The resort and its hinterland is a prime example of the problem.

A decade ago there were virtually no commercial planes used the area because of the closeness of Bentwaters and Woodbridge air bases.

Today dozens fly over every hour, day and night. Some residents have expressed concern about noise and how low the jetliners are flying – some say at night you can clearly see cabin and fuselage lights.

The situation for everyone is set to get worse with the government intent on increasing air traffic three-fold in the next 20 years.

Felixstowe is not the only Suffolk community affected by the problem.

With Stansted set to be expanded again, there are fears that flight paths will increase and south and east Suffolk will be used as a stacking area.

Families in the Sudbury area are already calling for action and have enlisted the help of South Suffolk MP Tim Yeo.

North Ipswich residents are worried about the prospect of hundreds of planes stacking over them.

A spokeswoman for the CAA said a number of communities had expressed concern about the growing amount of air traffic.

She said the authority would be prepared to answer the Evening Star's questions or to direct the newspaper to appropriate bodies if any of the issues were not those dealt with by the CAA.
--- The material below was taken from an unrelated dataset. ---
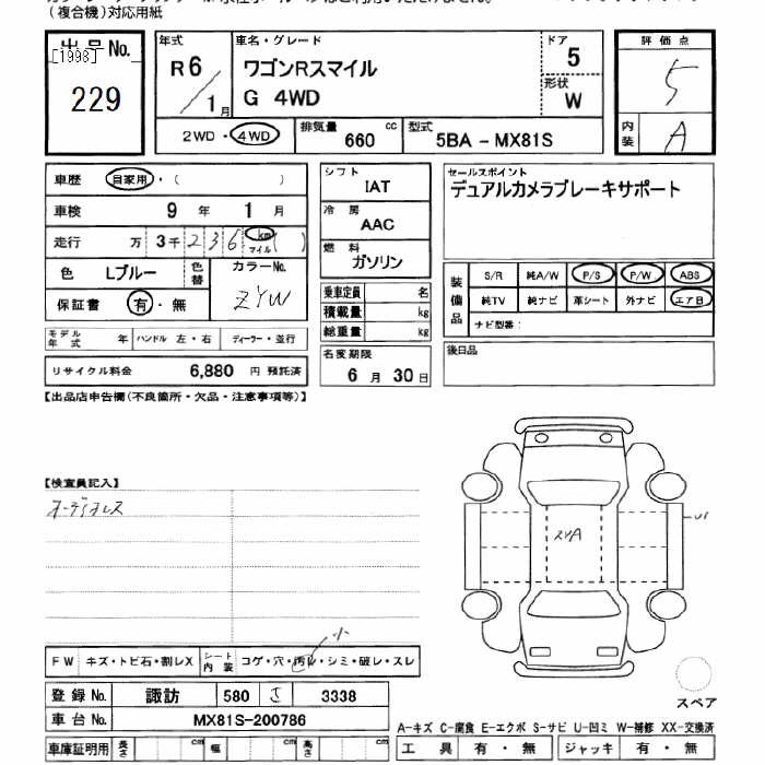 SUZUKI WAGON R SMILE 4WD G - лот 229

n What do you think of the number of planes in our skies – and the noise and air pollution they cause? Write to Your Letters, Evening Star, 30 Lower Brook Street, Ipswich, IP4 1AN, or e-mail


1 What is the role of the Civil Aviation Authority?
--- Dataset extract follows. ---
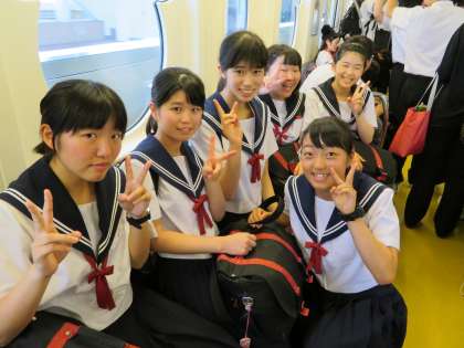 ディズニーシーに向かうモノレール内の様子です。もうすぐ夢の世界です。

2 How many commercial planes are crossing Suffolk daily on flights to or from UK airports and foreign destinations?

3 In particular, how many are using the flight corridor over Felixstowe?

4 What are the proportions of day-time and night-time flights? How many are cargo planes and how many passenger flights?

5 Why has there been no public consultation over the increasing number of flights, especially over the Felixstowe peninsula?

6 Who decides how many flights can take place over an area and what issues are examined concerning the wellbeing of the population living under a flight path?

7 Why was a corridor chosen over the Felixstowe peninsula – does the Bawdsey beacon have a role to play?

8 Will there be public consultation if there is an increase in flights in future?

9 Which UK airports are the planes flying to and from and which countries are they travelling to and from?

10 At what height are these aircraft flying?

11 If there is an increase in the number of planes – as is expected in the government's White Paper – will they be allowed to fly lower, and, if so, at what height?

12 Could the current flights not be made to fly higher to cut noise?

13 Are there restrictions concerning flight heights over populated areas?

14 How many more flights will there be in the future – what are the proposals for the expansion of use of these flight paths, especially bearing in mind the proposed extra runway at Stansted Airport?

15 What is the maximum number of planes per day which could use the flight corridor over Felixstowe?

16 Commercial flights have only been using the air space over Felixstowe regularly since the closure of Bentwaters and Woodbridge military air bases. Have you got figures for the past ten years to show air traffic crossing the area, both for Suffolk and for the Felixstowe peninsula corridor?

17 Have any assessments been carried out of the noise from the planes and the public's perception of the increased noise over the past few years?

18 What measurements have been taken to examine air pollution from fumes and vapour trails over the area? What are the effects on the atmosphere of the vapour trails?

19 What is the likelihood of a block of frozen ice, jettisoned from a toilet compartment, falling from one of the planes, or are there rules to prevent this happening?

20 Which is the body people should complain to if they have concerns?